Example 7: low salt culture medium cultureHalomonas campaniensis LS21 CGMCC No.6593 PHB production
The invention is realized byHalomonas campaniensis LS21 CGMCC No.6593The strain LS21p was obtained by mutagenesis to grow in a low salt medium and to produce PHA synthase (S) in the cells themselvesphaC) Polymerized with 3HB-CoA produced by self metabolism to form PHB under the action of the PHB. On the basis of the previous work, ARTP mutagenesis and low-salt pressure screening were carried out, and finally a strain that can grow and accumulate a large amount of PHA in a low-salt medium was obtained.

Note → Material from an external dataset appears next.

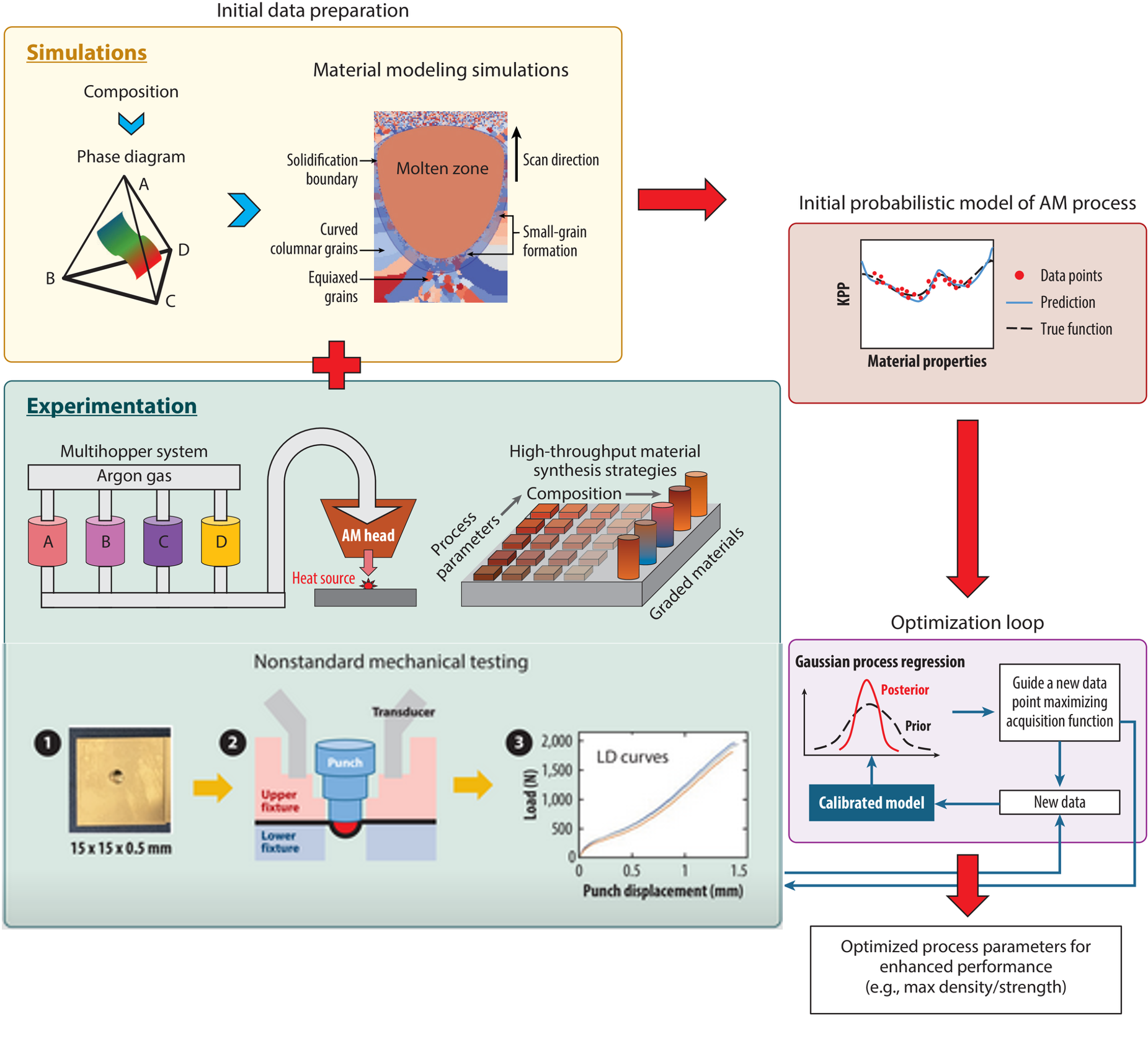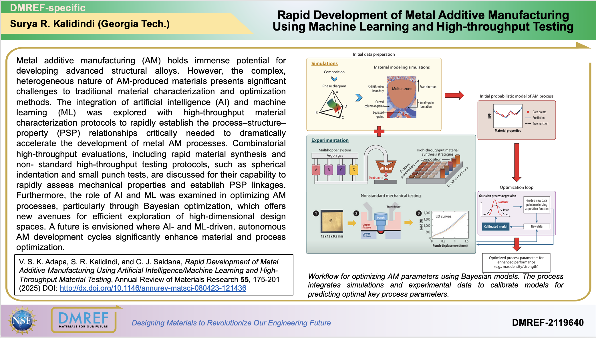 Metal additive manufacturing (AM) holds immense potential for developing advanced structural alloys. However, the complex, heterogeneous nature of AM-produced materials presents significant challenges to traditional material characterization and optimization methods. The integration of artificial intelligence (AI) and machine learning (ML) was explored with high-throughput material characterization protocols to rapidly establish the process–structure–property (PSP) relationships critically needed to dramatically accelerate the development of metal AM processes. Combinatorial high-throughput evaluations, including rapid material synthesis and non- standard high-throughput testing protocols, such as spherical indentation and small punch tests, are discussed for their capability to rapidly assess mechanical properties and establish PSP linkages. Furthermore, the role of AI and ML was examined in optimizing AM processes, particularly through Bayesian optimization, which offers new avenues for efficient exploration of high-dimensional design spaces. A future is envisioned where AI- and ML-driven, autonomous AM development cycles significantly enhance material and process optimization.

LS21 and LS21p were cultured in 10LB and LS21 and LS21p in 60LB medium at 37 ℃ and 200rpm for 12 hours, and then inoculated at 1% concentration into 50mL of 10MMG and 60MMG media, respectively, and cultured for 48 hours. And collecting thalli after 48 hours, detecting the dry weight of cells and the content of PHA, setting three parallel samples in each group of experiment, and taking the average value of the results. The results are shown in table 7 below:
TABLE 7 variousHalomonas campaniensisCase of recombinant bacterium synthesizing P (3HB-co-3HP)

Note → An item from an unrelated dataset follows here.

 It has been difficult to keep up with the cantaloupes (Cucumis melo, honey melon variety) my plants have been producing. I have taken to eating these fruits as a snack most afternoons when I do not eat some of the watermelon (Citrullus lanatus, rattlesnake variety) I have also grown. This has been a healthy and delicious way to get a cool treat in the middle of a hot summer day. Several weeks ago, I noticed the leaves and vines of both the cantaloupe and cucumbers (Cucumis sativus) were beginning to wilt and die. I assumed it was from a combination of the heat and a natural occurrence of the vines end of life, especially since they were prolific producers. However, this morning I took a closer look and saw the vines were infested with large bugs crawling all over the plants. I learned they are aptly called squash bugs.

The results show that the strains subjected to ARTP mutagenesis and low-salt pressure screening can better adapt to the environment of a low-salt culture medium, and meanwhile, the cell dry weight and the PHA content of the product are greatly improved.

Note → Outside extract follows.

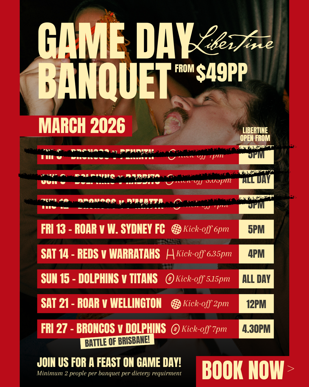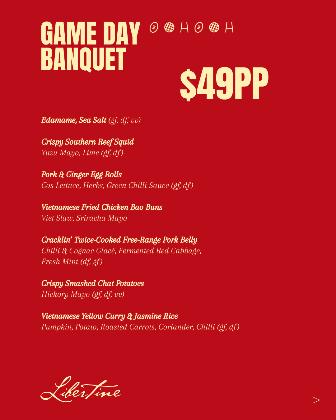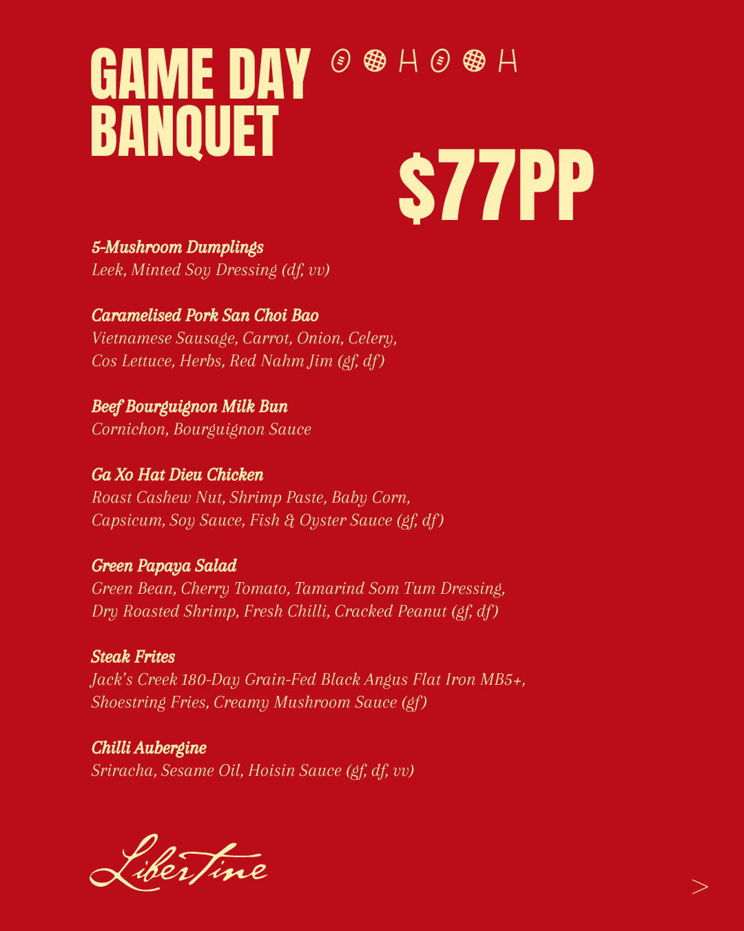Game Day Banquet at Libertine from $49pp

Example 8: low salt culture medium cultureHalomonas aydingkolgenesis M1 CGMCC NO.19880 for producing PHBV
The invention is realized byHalomonas aydingkolgenesis M1 CGMCC No.19880, M1p strain obtained by mutagenesis, to grow in low salt medium and to have PHA synthase (in the cell itselfphaC) Polymerized with 3HB-CoA produced by self metabolism to form PHB under the action of the PHB. On the basis of the previous work, ARTP mutagenesis and low-salt pressure screening were carried out, and finally a strain that can grow and accumulate a large amount of PHA in a low-salt medium was obtained.
After culturing M1, M1p in 10LB and M1, M1p in 60LB medium at 37 ℃ and 200rpm for 12 hours, the mixture was inoculated at 1% concentration into 50mL of 10MMG and 60MMG media, respectively, and cultured for 48 hours. And collecting thalli after 48 hours, detecting the dry weight of cells and the content of PHA, setting three parallel samples in each group of experiment, and taking the average value of the results. The results are shown in table 8 below:
TABLE 8 variousHalomonas aydingkolgenesisCase of recombinant bacterium synthesizing P (3HB-co-3HP)
The results show that the strains subjected to ARTP mutagenesis and low-salt pressure screening can better adapt to the environment of a low-salt culture medium, and meanwhile, the cell dry weight and the PHA content of the product are greatly improved.
It will be appreciated by persons skilled in the art that although the invention has been described with reference to specific embodiments thereof, the invention is not limited to these specific embodiments. Based on the teaching of the present invention and the technical solutions, those skilled in the art can make appropriate modifications or improvements without departing from the spirit of the present invention, and thus the resulting equivalent embodiments are within the scope of the present invention.